• DATA TO USE:

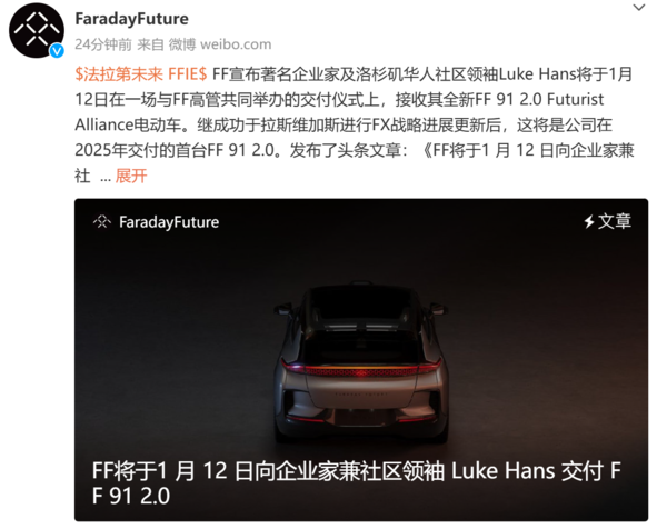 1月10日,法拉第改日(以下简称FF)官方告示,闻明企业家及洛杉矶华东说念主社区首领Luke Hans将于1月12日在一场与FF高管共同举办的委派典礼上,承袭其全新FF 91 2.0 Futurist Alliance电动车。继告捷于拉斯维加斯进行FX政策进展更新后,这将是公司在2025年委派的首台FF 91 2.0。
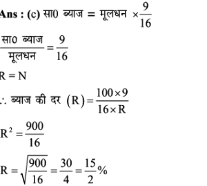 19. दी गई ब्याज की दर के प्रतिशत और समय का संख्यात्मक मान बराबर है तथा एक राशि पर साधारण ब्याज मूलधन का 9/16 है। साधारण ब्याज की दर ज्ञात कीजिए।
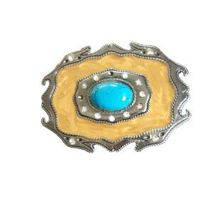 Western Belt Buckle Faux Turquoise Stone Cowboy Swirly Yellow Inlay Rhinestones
* * *
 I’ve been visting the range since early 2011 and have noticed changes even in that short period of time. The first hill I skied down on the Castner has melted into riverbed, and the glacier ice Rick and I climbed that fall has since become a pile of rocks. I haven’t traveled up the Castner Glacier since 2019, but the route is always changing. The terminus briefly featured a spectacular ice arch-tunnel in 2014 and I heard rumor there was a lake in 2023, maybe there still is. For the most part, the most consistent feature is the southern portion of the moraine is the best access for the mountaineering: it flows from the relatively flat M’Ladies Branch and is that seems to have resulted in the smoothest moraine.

• PROBLEM: Taking the entries above, copy word for word the lines from the one with "Alliance电动车。继告捷于拉斯维加斯进行FX政策进展更新后,这将是公司在2025年委派的首台FF 91 2.0。" up to and including the one with "19. दी गई ब्याज", without any picture.

• ANSWER SECTION:
 1月10日,法拉第改日(以下简称FF)官方告示,闻明企业家及洛杉矶华东说念主社区首领Luke Hans将于1月12日在一场与FF高管共同举办的委派典礼上,承袭其全新FF 91 2.0 Futurist Alliance电动车。继告捷于拉斯维加斯进行FX政策进展更新后,这将是公司在2025年委派的首台FF 91 2.0。
 19. दी गई ब्याज की दर के प्रतिशत और समय का संख्यात्मक मान बराबर है तथा एक राशि पर साधारण ब्याज मूलधन का 9/16 है। साधारण ब्याज की दर ज्ञात कीजिए।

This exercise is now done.